Frequently asked questions

Does turtle trading still work today?
The exact 1980s parameters are far better known now, and markets are more efficient, so blindly running the original numbers is unlikely to reproduce the original results. But the underlying approach of diversified trend following with volatility-based sizing is still used by managed-futures funds running billions of dollars. The principles have aged far better than the parameters.
Were the Turtle rules ever made public?
Yes. After years of leaks and disputes, the original rules were published openly, most completely in Curtis Faith's Way of the Turtle, which walks through the entries, exits, sizing, and pyramiding in full detail. We summarize them in our complete rules guide. The "secret system" has been public knowledge for two decades; the hard part was never the rules.
Who were the most successful Turtles?
Several Turtles went on to manage money professionally. Jerry Parker founded Chesapeake Capital, which grew into one of the larger trend-following firms. Others, including Liz Cheval, Paul Rabar, and Howard Seidler, also launched their own investment businesses. Curtis Faith, the youngest of the group, is reported to have earned over $30 million for Dennis while still in his early twenties.
Can I trade the system with a small account?
The original program traded a large basket of futures markets, which requires substantial capital to do properly. Modern traders adapt the ideas to smaller accounts using ETFs, micro futures, or fewer markets, but diversification is a core part of why the system worked, and cutting it back changes the risk profile. The books above cover practical adaptations.
Is this site affiliated with Richard Dennis or the original Turtles?

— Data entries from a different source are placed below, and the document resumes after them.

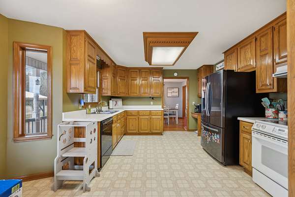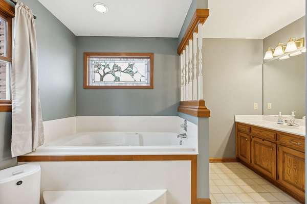 Separate apartment/in-law suite, above garage, ideal for extended family, guests or income producing opportunities. With its own central unit.
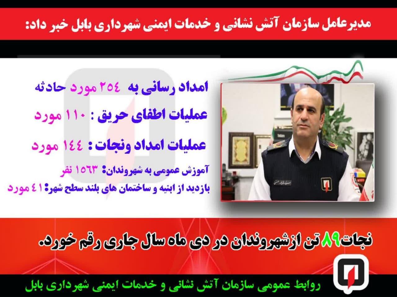 ۲۵۴ مورد حادثه در دی ماه سال جاری توسط آتش نشانی بابل ثبت شد که به تفکیک ۱۱۰ مورد #آتش_سوزی و خدمات ایمنی و ۱۴۴ مورد عملیات #نجات بوده است که منجر به نجات ۸۹ تن از شهروندان گردیده است.
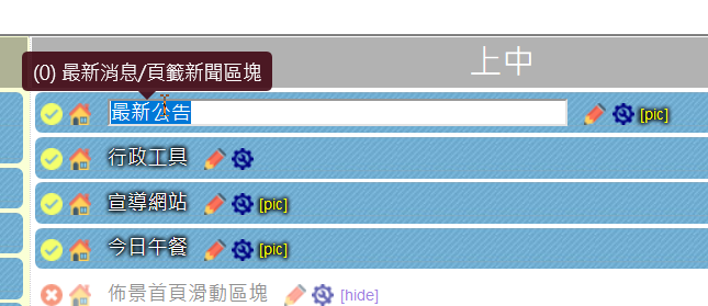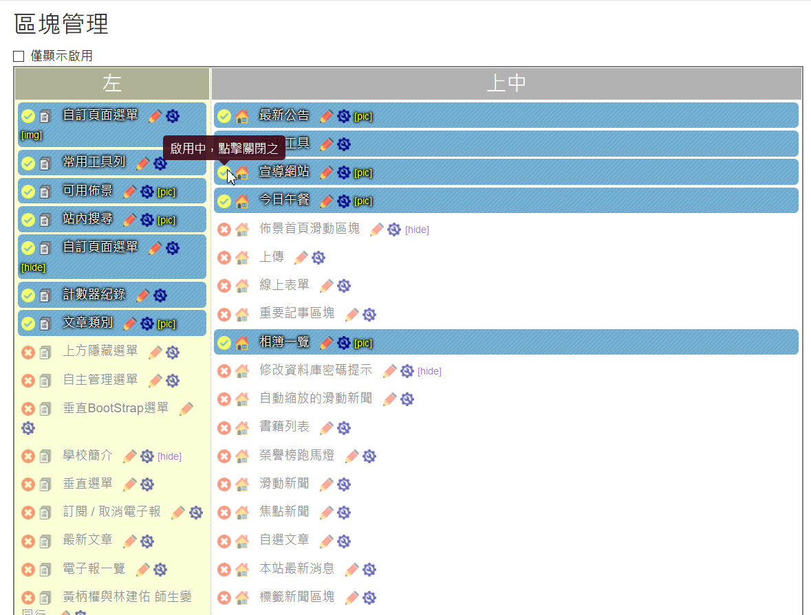 - 列表、編輯表單會顯示目前區塊是否啟用,並可直接切換
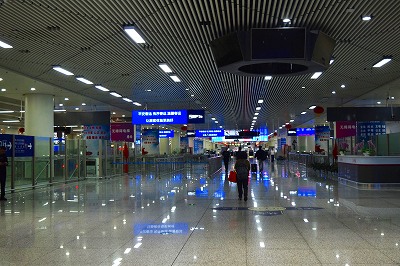 深圳福田駅。深圳の駅はどこもメッチャ広いが、人影はまばら。
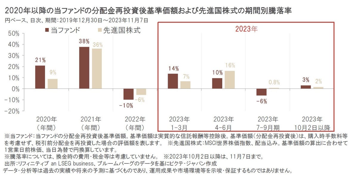 2023年年初来、足元(2023年11月7日)までの当ファンドの分配金再投資後基準価額(以下、当ファンド)は+20%の上昇となりました。投資先であるプレミアム・ブランド企業の株価が上昇したことによる株式要因のプラス寄与に加えて、主要通貨に対して円安が進行したことによる為替要因のプラス寄与からも恩恵を受けました。
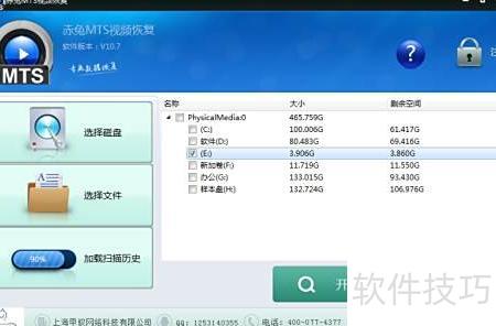 1、 点击选择磁盘按钮,勾选需扫描恢复的磁盘。若要修复损坏的MTS视频文件,则选择选择文件功能,随后启动扫描,软件将在扫描过程中自动对文件进行修复处理。
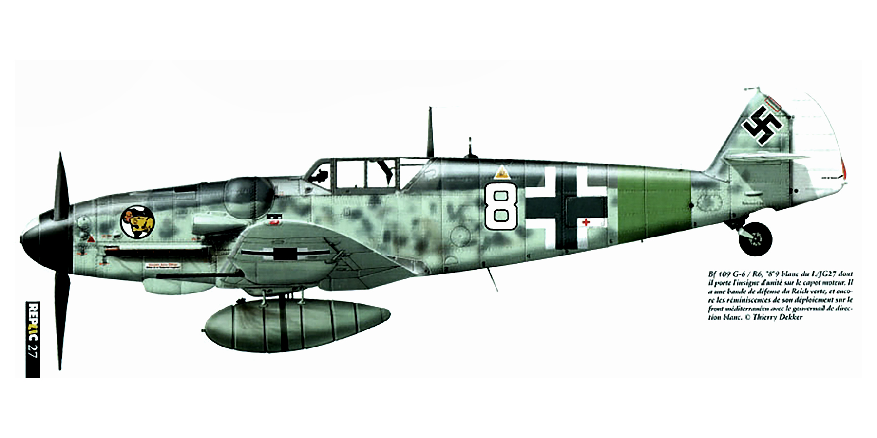 Modifications were carried out to improve the aircraft with its canopy (simplified mountings), its undercarriage (wider diameter wheels, lengthened tailwheel) or its tail (increased rudder surface). Twice the German authorities tried to put some order into this diversity of variants and models, first with the G-14 which was intended to incorporate all the different modifications which had been made to the G-6, then with the G-10 which was to have ensured the transition with the last variant, the 109K.

No. TheTurtleTrader.com is an independent educational site. We summarize the publicly documented history of the experiment and point readers to the best published resources on it. We are not affiliated with Richard Dennis, William Eckhardt, any of the original Turtles, or turtletrader.com.
Is anything on this site financial advice?
No. Everything here is for education and historical interest only. Futures trading involves substantial risk of loss and is not suitable for everyone. Past performance, including the Turtles', is no guarantee of future results. Consult a licensed financial advisor before trading.